Canon iP3600 Inkjet Printer

In order to supplement the existing color laser printer by a device that can print decent quality photos, a Canon iP3600 has been acquired. The device is relatively cheap (about EUR 80 by 2011-08), the per-photo costs are only slightly above the photo costs when printing them in one of the public kiosk devices (about EUR 0.30 vs. EUR 0.23 for a 10 cm x 15 cm photo), and the magazine reviews praise a fairly good photo printout quality, so it seemed to be a good complement to the laser printer.

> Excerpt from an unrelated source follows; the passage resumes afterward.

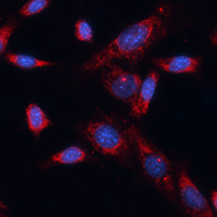 Immunofluorescent analysis of Dishevelled 1 staining in NIH3T3 cells. Formalin-fixed cells were permeabilized with 0.1% Triton X-100 in TBS for 5-10 minutes and blocked with 3% BSA-PBS for 30 minutes at room temperature. Cells were probed with the primary antibody in 3% BSA-PBS and incubated overnight at 4 °C in a humidified chamber. Cells were washed with PBST and incubated with a AF594-conjugated secondary antibody (red) in PBS at room temperature in the dark. DAPI was used to stain the cell nuclei (blue).

The iP3600 is really just a printer only, rather than a multifunction device that includes a scanner or any kind of other gimmick. It doesn't feature any kind of operating menu or such, just a power button, a suspend/resume button, two LEDs, and a USB connector.

(Non-)Support for FreeBSD

Unfortunately, the device does not use any of the common printer languages (PostScript®, ESC/P2, PCL) but some proprietary language. It is officially supported for Windows and MacOS, and essentially also supported for Linux. Inspecting the Linux package (before buying the device) gave a sufficient confidence it could eventually also be made to run on FreeBSD (i386); there is even one #ifdef FreeBSD in there. Part of the Linux package provided by Canon ships as source code, but some portions of the code are only available as binary libraries to link against. Consequently, the Linuxulator is needed in order to really operate this printer on FreeBSD, restricting it to the i386 and amd64 architectures.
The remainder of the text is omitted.